== WHAT TO PRODUCE ==
Would you return exactly the lines below from the line with "For Samsung Galaxy" through the line with "Damage from Hurricane", both included, and nothing else, leaving out the pictures?

== DATA SUPPLIED ==
--- START ---

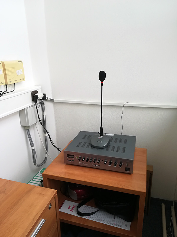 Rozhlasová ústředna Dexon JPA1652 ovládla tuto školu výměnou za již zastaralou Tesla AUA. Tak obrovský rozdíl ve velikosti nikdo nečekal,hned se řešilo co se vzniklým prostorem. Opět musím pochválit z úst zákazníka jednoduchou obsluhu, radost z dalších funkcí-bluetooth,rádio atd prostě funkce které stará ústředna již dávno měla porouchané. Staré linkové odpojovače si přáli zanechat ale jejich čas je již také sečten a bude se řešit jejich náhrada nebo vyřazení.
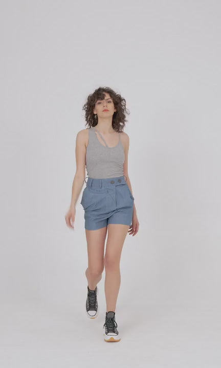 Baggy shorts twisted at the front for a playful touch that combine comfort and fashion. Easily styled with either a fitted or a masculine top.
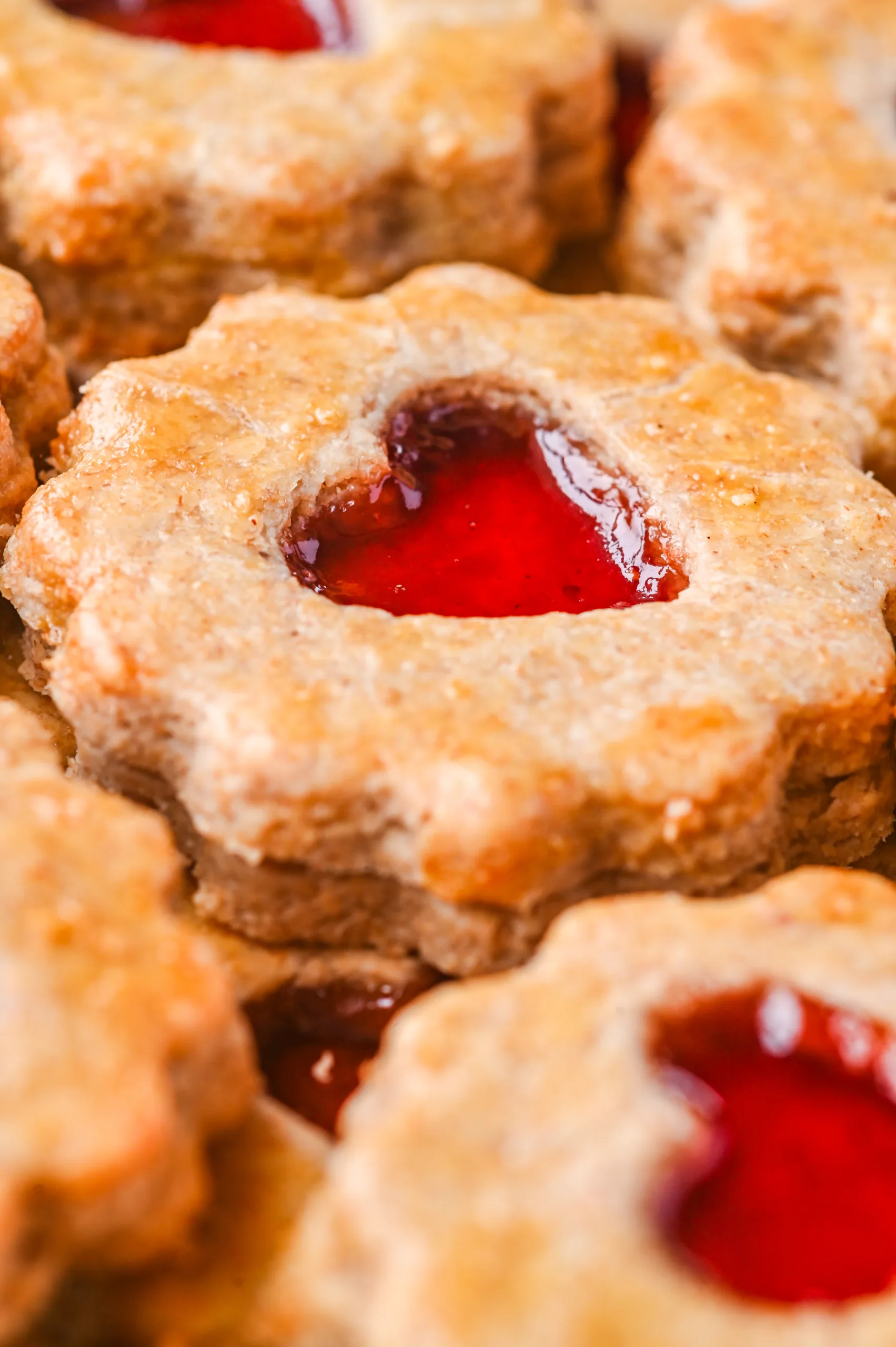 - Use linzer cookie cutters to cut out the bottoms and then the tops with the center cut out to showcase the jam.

--- END ---
--- START ---

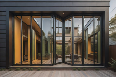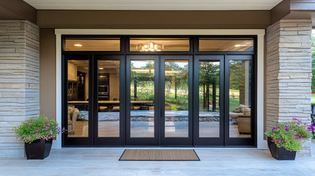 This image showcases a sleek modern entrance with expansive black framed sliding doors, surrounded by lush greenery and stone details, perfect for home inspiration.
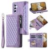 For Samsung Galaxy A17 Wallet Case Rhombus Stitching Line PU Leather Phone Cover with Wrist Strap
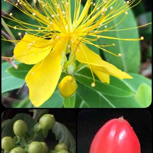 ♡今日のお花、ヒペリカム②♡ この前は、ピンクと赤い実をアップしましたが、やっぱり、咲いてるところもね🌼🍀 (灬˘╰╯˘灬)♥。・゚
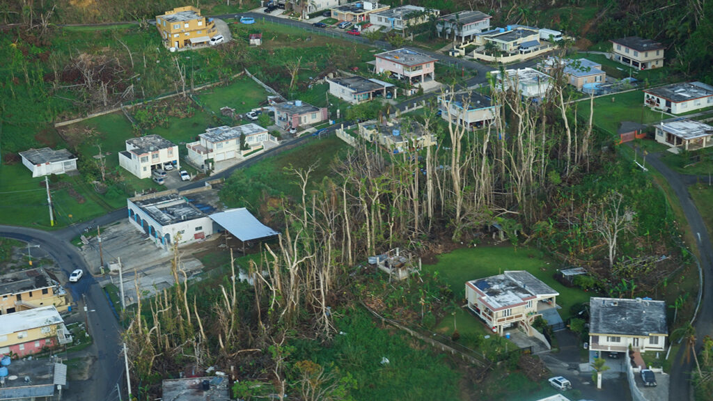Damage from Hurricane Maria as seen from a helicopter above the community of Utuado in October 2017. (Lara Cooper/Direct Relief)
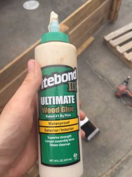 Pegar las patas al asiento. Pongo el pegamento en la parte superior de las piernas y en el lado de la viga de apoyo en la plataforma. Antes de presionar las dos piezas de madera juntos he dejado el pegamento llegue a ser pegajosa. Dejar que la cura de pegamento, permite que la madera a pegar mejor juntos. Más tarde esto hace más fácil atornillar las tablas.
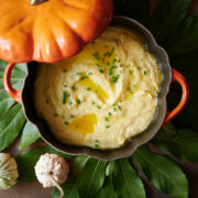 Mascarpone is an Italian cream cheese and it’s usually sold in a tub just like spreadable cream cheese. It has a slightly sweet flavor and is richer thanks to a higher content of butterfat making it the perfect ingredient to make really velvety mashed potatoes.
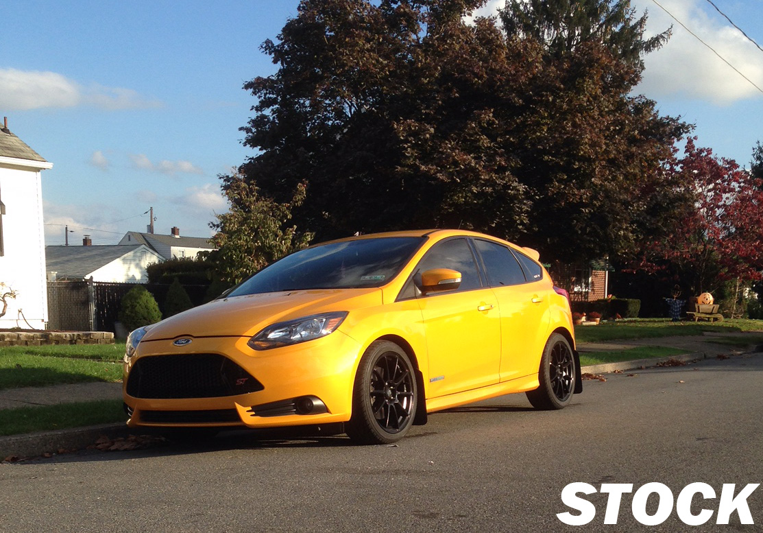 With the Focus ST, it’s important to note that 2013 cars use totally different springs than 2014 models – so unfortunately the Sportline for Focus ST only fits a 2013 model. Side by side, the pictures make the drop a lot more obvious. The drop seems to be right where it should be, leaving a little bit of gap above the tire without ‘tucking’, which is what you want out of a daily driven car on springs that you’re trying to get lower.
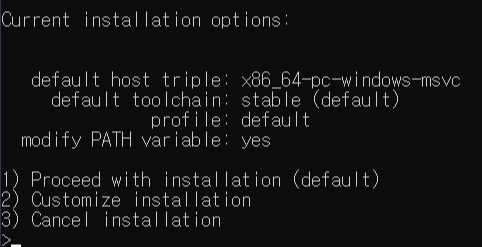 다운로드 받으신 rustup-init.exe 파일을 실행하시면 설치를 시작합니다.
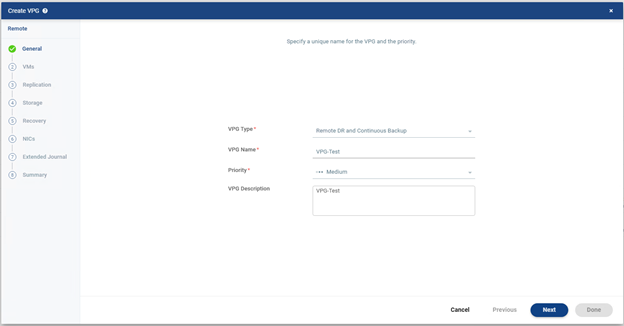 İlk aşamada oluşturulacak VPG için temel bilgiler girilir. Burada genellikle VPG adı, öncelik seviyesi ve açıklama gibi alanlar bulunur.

--- END ---

== RESPONSE TO THIS EXERCISE ==
 For Samsung Galaxy A17 Wallet Case Rhombus Stitching Line PU Leather Phone Cover with Wrist Strap
 ♡今日のお花、ヒペリカム②♡ この前は、ピンクと赤い実をアップしましたが、やっぱり、咲いてるところもね🌼🍀 (灬˘╰╯˘灬)♥。・゚
Damage from Hurricane Maria as seen from a helicopter above the community of Utuado in October 2017. (Lara Cooper/Direct Relief)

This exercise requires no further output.